> Data to use
◆ ◆ ◆ ◆ ◆
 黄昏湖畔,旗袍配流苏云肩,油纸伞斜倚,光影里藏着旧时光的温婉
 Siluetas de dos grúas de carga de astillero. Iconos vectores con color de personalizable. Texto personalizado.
◆ ◆ ◆ ◆ ◆
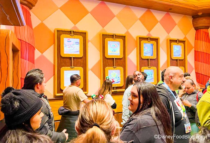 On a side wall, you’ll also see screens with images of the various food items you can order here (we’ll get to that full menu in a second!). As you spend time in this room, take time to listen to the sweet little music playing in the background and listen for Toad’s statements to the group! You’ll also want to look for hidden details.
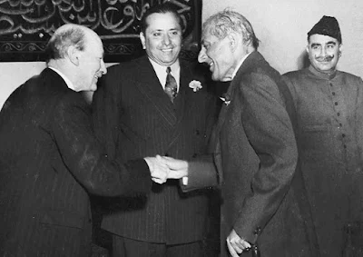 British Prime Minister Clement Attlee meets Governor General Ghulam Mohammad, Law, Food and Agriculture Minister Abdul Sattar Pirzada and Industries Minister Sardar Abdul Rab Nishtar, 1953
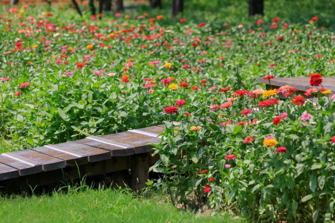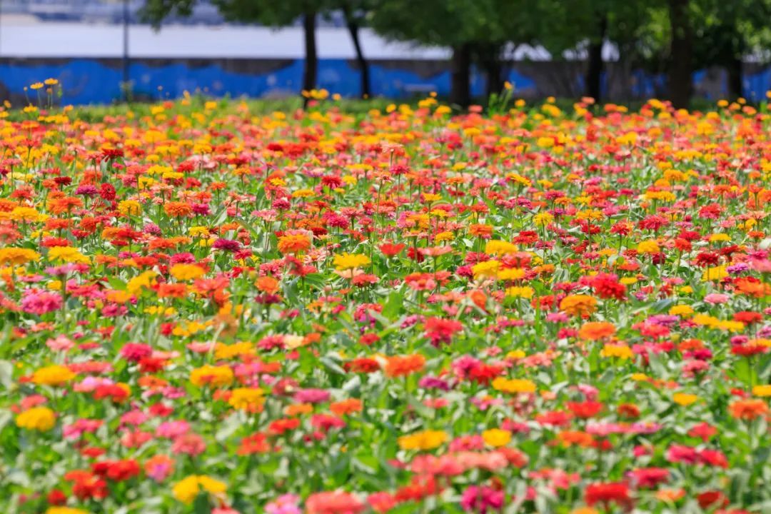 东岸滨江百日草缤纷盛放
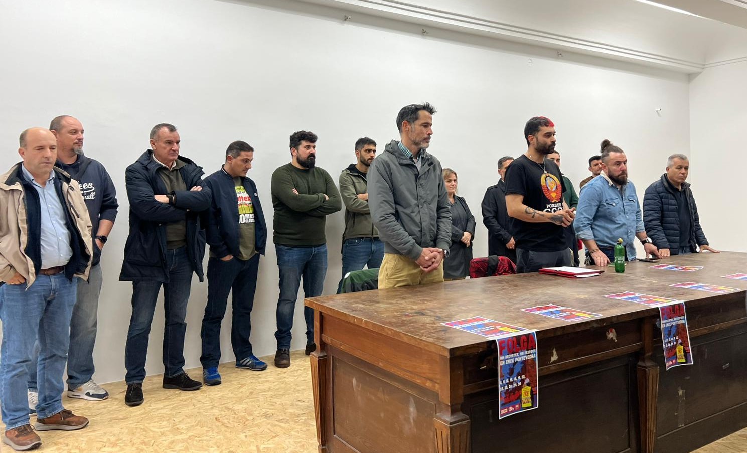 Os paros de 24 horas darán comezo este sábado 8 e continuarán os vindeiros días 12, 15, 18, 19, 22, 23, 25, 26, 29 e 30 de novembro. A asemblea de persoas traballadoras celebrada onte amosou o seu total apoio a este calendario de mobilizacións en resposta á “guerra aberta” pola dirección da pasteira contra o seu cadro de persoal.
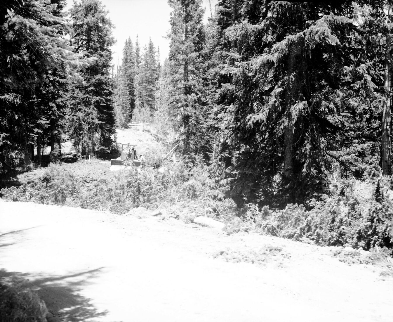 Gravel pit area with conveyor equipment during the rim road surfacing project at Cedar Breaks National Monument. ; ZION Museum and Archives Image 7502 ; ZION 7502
◆ ◆ ◆ ◆ ◆
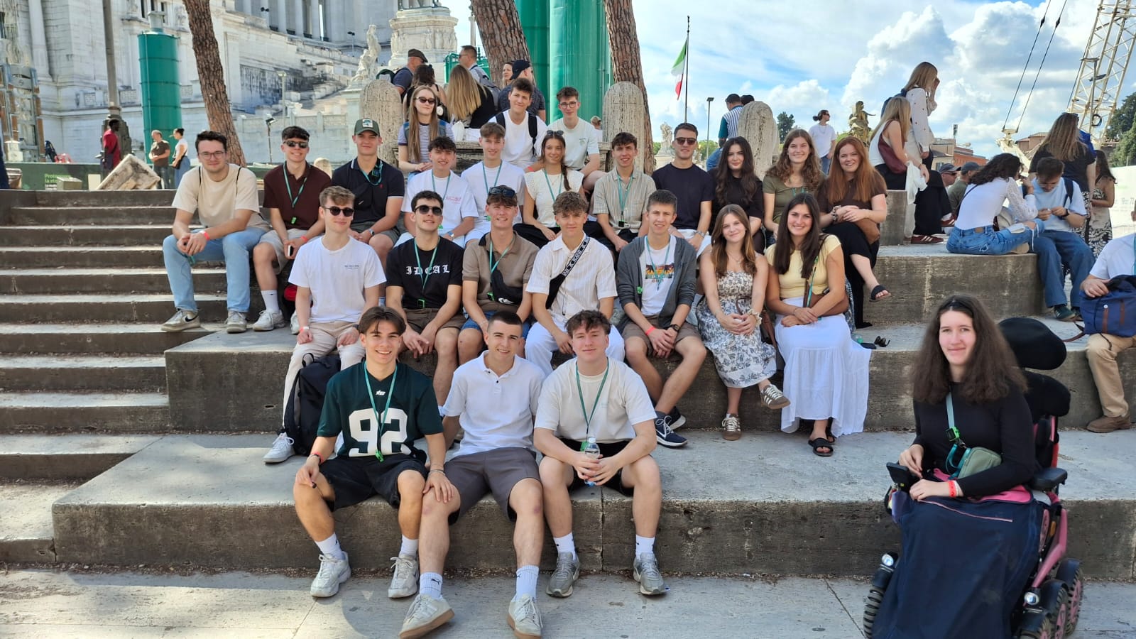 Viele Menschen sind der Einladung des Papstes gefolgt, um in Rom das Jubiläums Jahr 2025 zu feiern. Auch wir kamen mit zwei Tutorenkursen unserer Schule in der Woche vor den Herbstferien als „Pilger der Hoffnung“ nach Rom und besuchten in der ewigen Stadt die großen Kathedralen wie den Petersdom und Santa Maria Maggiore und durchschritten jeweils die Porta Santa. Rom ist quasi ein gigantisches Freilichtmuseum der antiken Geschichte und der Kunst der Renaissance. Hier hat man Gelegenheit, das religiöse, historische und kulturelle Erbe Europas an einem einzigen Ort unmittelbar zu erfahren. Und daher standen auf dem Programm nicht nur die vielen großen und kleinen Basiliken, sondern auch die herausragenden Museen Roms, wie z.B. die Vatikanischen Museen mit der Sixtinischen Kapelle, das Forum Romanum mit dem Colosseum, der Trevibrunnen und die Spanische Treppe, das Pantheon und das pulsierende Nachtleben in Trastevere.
◆ ◆ ◆ ◆ ◆
The response must hold only the lines above from the line with "黄昏湖畔,旗袍配流苏云肩,油纸伞斜倚,光影里藏着旧时光的温婉" through the line with "Siluetas de dos", each copied exactly, both ends kept.

> Task solution
 黄昏湖畔,旗袍配流苏云肩,油纸伞斜倚,光影里藏着旧时光的温婉
 Siluetas de dos grúas de carga de astillero. Iconos vectores con color de personalizable. Texto personalizado.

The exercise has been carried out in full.